* **Your goal**:
Copy out the data below as written; omit any images.

___ Data section ___

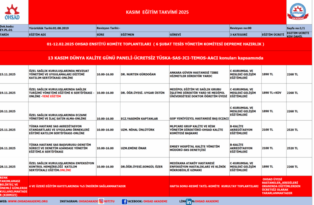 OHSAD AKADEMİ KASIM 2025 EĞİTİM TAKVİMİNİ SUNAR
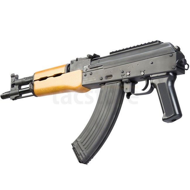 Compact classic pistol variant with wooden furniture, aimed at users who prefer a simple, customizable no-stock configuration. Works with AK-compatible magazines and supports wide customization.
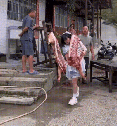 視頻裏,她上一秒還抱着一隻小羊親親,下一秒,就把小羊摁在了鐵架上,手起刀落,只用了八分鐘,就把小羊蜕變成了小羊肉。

___

* **Written answer**:
 OHSAD AKADEMİ KASIM 2025 EĞİTİM TAKVİMİNİ SUNAR
 Compact classic pistol variant with wooden furniture, aimed at users who prefer a simple, customizable no-stock configuration. Works with AK-compatible magazines and supports wide customization.
 視頻裏,她上一秒還抱着一隻小羊親親,下一秒,就把小羊摁在了鐵架上,手起刀落,只用了八分鐘,就把小羊蜕變成了小羊肉。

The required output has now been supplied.